Salcombe Preparatory School is a co-educational preparatory school for approximately 200 pupils, located in Southgate, London, England. The school is currently owned and operated by Cognita. Founded in 1916, Salcombe is a co-educational preparatory day school for children aged between 3 and 11. The school is located in Chase Side, Southgate, and Green Road, Oakwood, both in North London. The Green Road site is Grade II listed with Historic England.

==History==
Salcombe Preparatory School first opened in 1916 under the leadership of the Deakin sisters: Freda Deakin and Ethel Deakin in Hornsey. The school initially educated eight "well to do" children.

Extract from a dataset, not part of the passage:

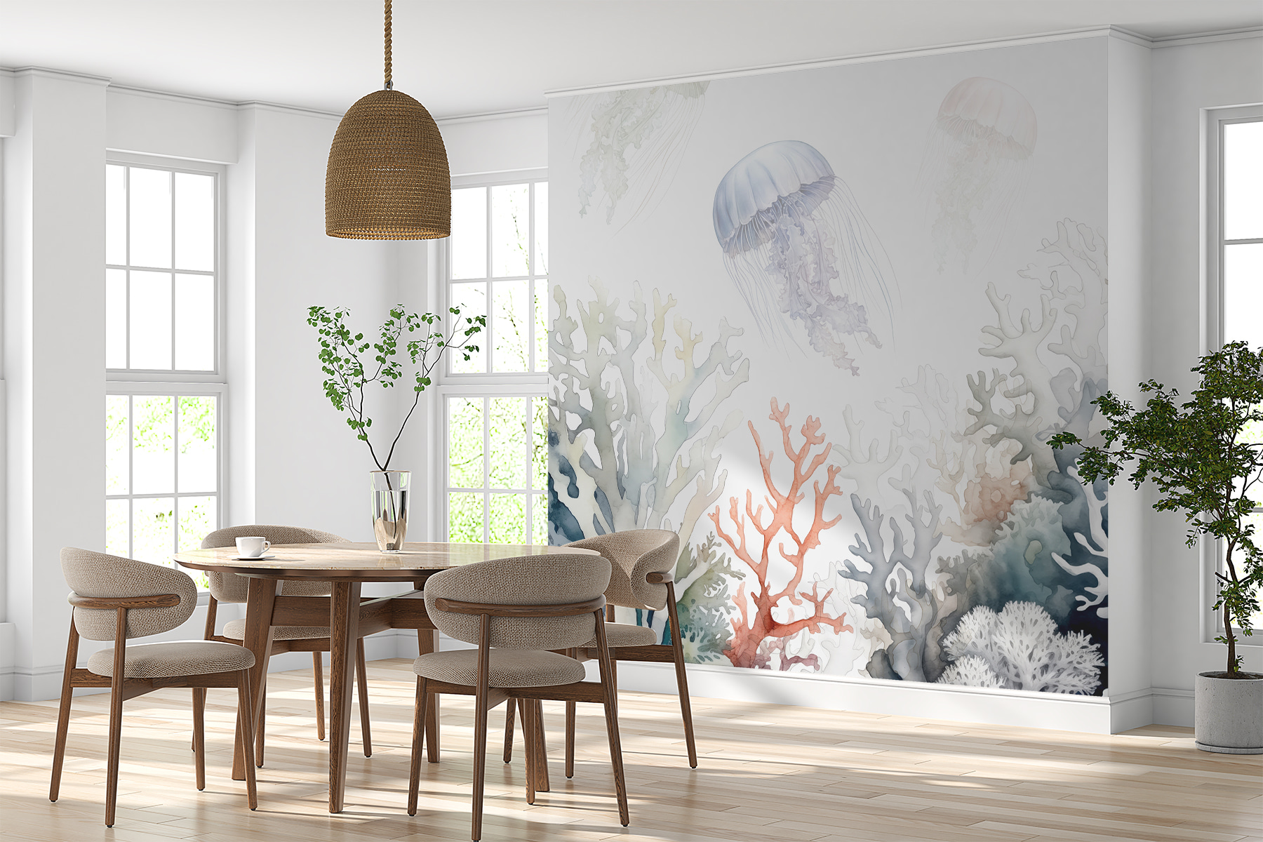 Wyobraź sobie pływanie w spokojnej podwodnej krainie czarów. Taki właśnie nastrój wprowadzi do twojej przestrzeni fototapeta “Meduza dryfująca po kolorowych koralowcach”. To jak szept oceanu na twoich ścianach! Miękkie, akwarelowe odcienie sprawiają, że czujesz się zrelaksowany – prawie tak, jakbyś słyszał delikatne kołysanie morza. Idealny dla każdego, kto kocha nadmorski urok, to prawdziwy początek rozmowy. Zanurz się w tej spokojnej scenerii i pozwól swoim zmartwieniom odpłynąć wraz z tymi wspaniałymi meduzami. Odrobina koloru i spokoju w Twoim domu!

In 1917, with World War I ongoing, and the advent of Zeppelin raids, it was decided that the school could not operate in Hornsey and the Deakin sisters took the students to their country residence, Salcombe House, in Devon. In 1918, upon returning to London, the sisters relocated their school to Avenue Road in Southgate close to the current site on Chase Side.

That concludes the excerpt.